"{...} les pièces du dossier étaient suffisantes pour apprécier l'insertion du projet dans dans son environnement, lequel ne présente pas de caractéristique remarquable ; " : Extrait de l'ordonnance du référé, consultable en ligne par tout à chacun (Tribunal administratif de Lyon, 4 décembre 2025, 2513788).
Sur le plan juridique, l’implantation d’une antenne relais doit respecter les règles d’urbanisme, notamment en matière d’insertion paysagère.
L’article R.111-27 du Code de l’urbanisme prévoit en effet qu’un projet peut être refusé ou assorti de prescriptions s’il est de nature à porter atteinte « au caractère ou à l’intérêt des lieux avoisinants, aux sites, aux paysages naturels ou urbains ».
Dans plusieurs cas -portés notamment devant le tribunal administratif de Grenoble- des projets d’antennes ont été refusés ou suspendus en raison de leur impact sur le paysage ou de leur mauvaise insertion dans un environnement naturel ou rural.
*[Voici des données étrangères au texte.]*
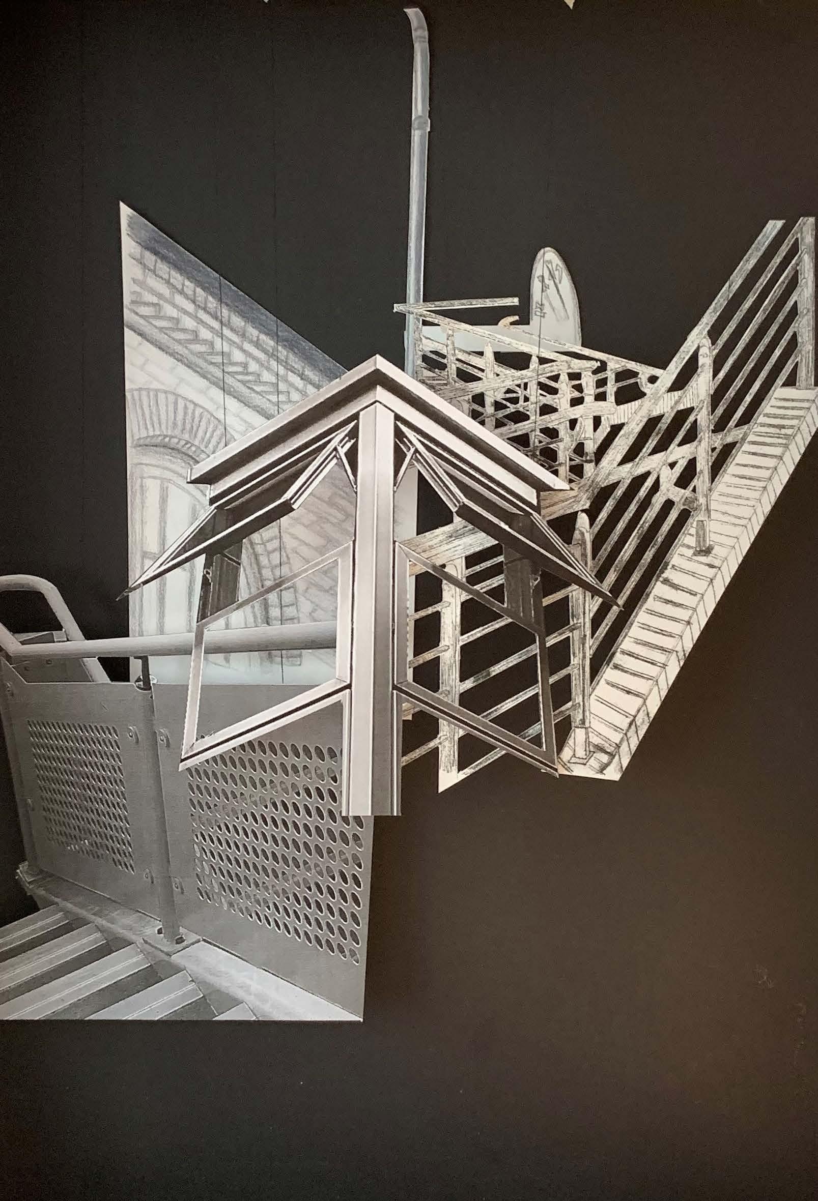 The two photographs of the railings were both turned into drypoint etchings because of the level of detail they showed. Drypoint etchings allow for both delicate and accurate lines to be overlapped, creating the final result of a hyper-realistic etching.

Nous ne sommes pas les premiers à être confrontés à ce genre de situation. Dans d’autres situations similaires, des mobilisations locales ont également conduit à la modification ou au déplacement de projets lorsque leur implantation apparaissait inadaptée au territoire.
Dans notre cas, il est particulièrement difficile d’entendre que le site concerné ne présenterait « pas de caractère exceptionnel ». Nous vivons et travaillons dans un environnement rural préservé, au cœur d’une activité agricole diversifiée et à proximité d’un corridor écologique reconnu. D'ailleurs, à ce sujet, la LPO de la Loire nous a proposé de réaliser un inventaire des espèces potentiellement "à enjeux".
Enfin, à vous — famille, amis, clients — qui connaissez ces lieux : vous savez que ce paysage n’a rien d’ordinaire...
Et à celles et ceux qui ne connaissent pas encore les lieux — ou qui pourraient en douter — nous vous invitons à venir vous en rendre compte par vous-mêmes.
Au-delà des mots, c’est une certaine vision de nos territoires qui est en jeu : celle d’un cadre de vie, d’un paysage et d’un équilibre que nous avons choisi de préserver et de faire vivre au quotidien. C’est aussi pour cela que nous avons fait le choix de cette ferme, il y a maintenant cinq ans.